Complete appreciation of the causal relationship between liver cirrhosis and periodontal disease requires information on the exact time of debut of the two diseases. As both diseases are characterized by slow progression and may be influencing the immune system long before a clinical diagnosis is made, it would be almost impossible to determine the order of the two diseases. On the other hand, it has been shown that periodontal diseases are more prevalent in patients with liver cirrhosis patients than in similar patient groups without liver cirrhosis71, which suggests a causal relationship between liver cirrhosis and periodontal diseases.

Periodontal disease is a result of dysbiosis, which in most patients is caused by an increased microbial challenge due to various factors associated with modern life-style5,72. However, dysbiosis may also be the result of reduced host resistance to the microbial challenge. It is conceivable that the observed periodontal microbiota in cirrhotic patients, which is compatible with periodontal heath in healthy individuals, is capable of causing inflammation and attachment loss when affected only by a compromised immune defense.

An increasing body of literature links the oral microbiome with diseases in other parts of the human body10. Studies of the gut microbiome in patients with liver cirrhosis show an increased abundance of some genera of oral origin like Veillonella, Prevotella, Neisseria, and Haemophilus, and suggest that salivary dysbiosis in these patients may be linked to an oral pro-inflammatory environment, systemic inflammation, and constitute a risk for subsequent liver-related hospitalization24,27. Interestingly, Aberg and Helenius-Hietala73 proposed that periodontitis may be of special interest in liver cirrhosis patients for the translocation of oral bacteria to the gut and for the risk of subsequent liver-related hospitalization. This may be due to the release of periodontal bacteria and their toxins into the circulation during periodontitis14. Reports have shown that dental diseases accelerated the progression of liver disease and the overall mortality in liver cirrhosis patients74,75.

In this study, we found that that the subgingival plaque microbiome in patients with liver cirrhosis and periodontitis differed from that of otherwise healthy patients with periodontitis.
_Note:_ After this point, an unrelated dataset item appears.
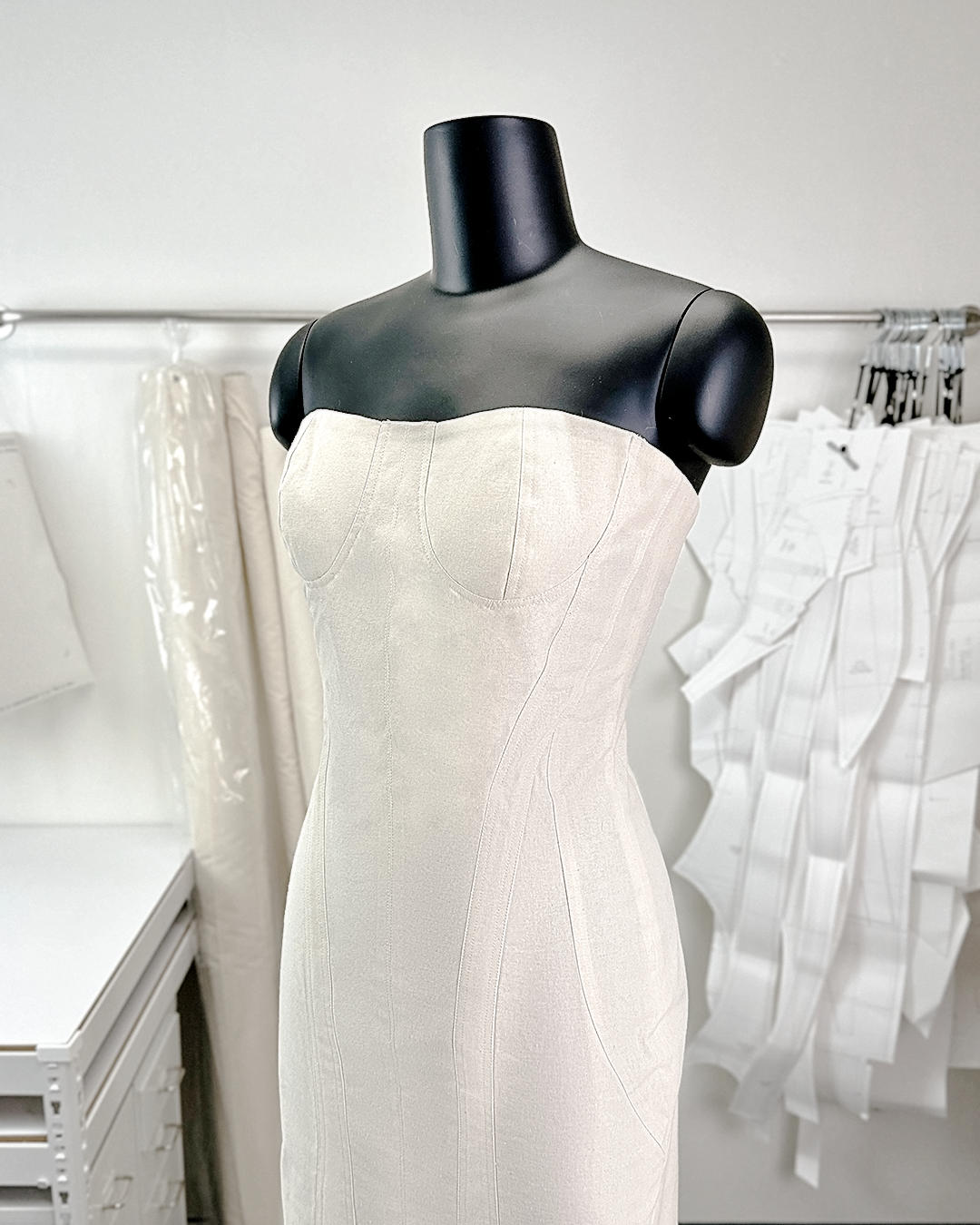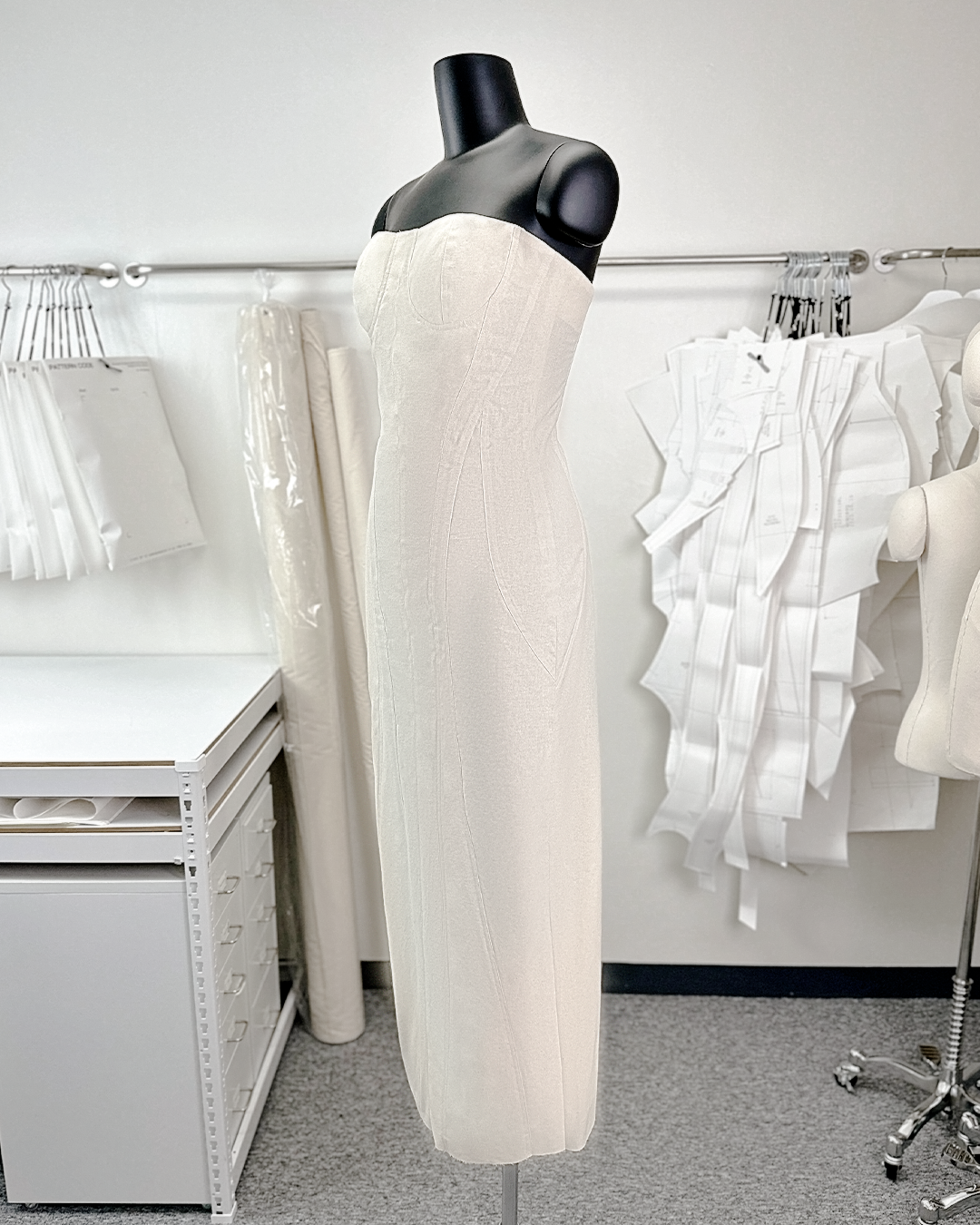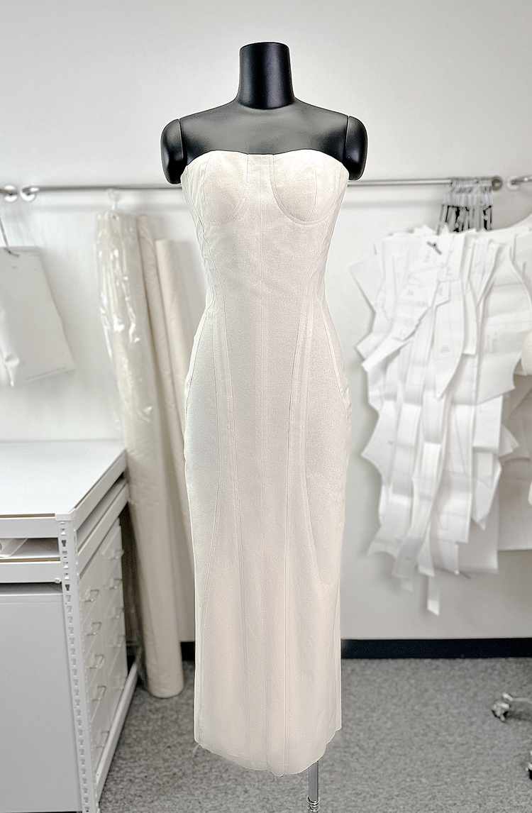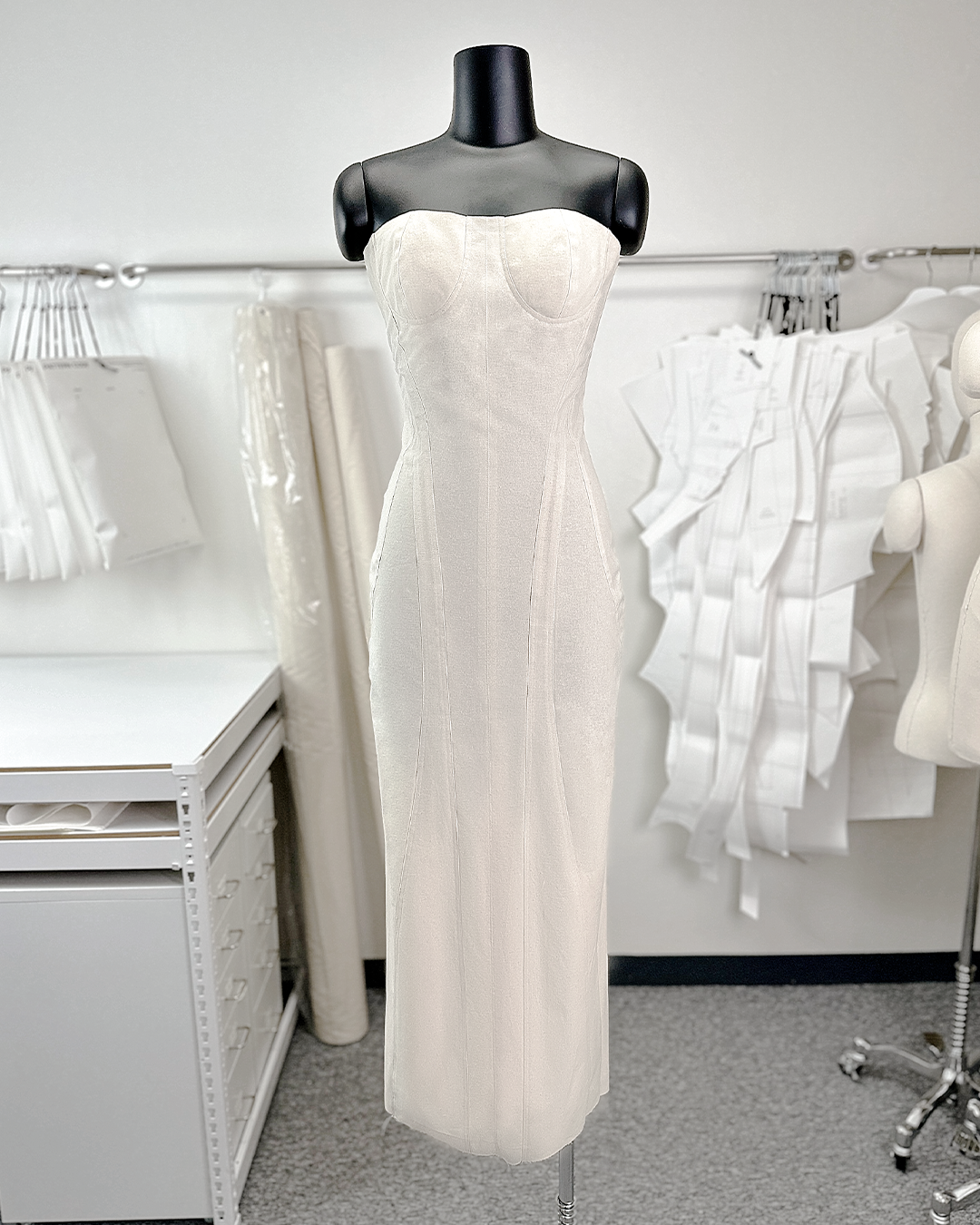 · It'This long dress has stitch points added to the three-dimensional cup and curved cut lines.

Especially, bacterial species normally associated with periodontitis from the red complex and to a lesser extend from the orange complex were less abundant in our samples. We hypothesize that periodontitis in patients with liver cirrhosis is associated with bacteria normally compatible with health due to the dysbiotic situation caused by the immunocompromised status of most liver cirrhosis patients. Our findings emphasize that dysbiosis leading to periodontal disease may be due either to changes in the composition of the microbiota or to changes of the host’s immune responses or to both. Our study strengthens the connection between liver cirrhosis and oral health. Liver cirrhosis patients often develop oral diseases like periodontitis and oral diseases in liver cirrhosis patients may aggravate their prognosis. Therefore, it is vital to follow the oral health of liver cirrhosis patients, and further studies have to be conducted to establish the role of the oral microbiome in the pathogenesis of liver cirrhosis.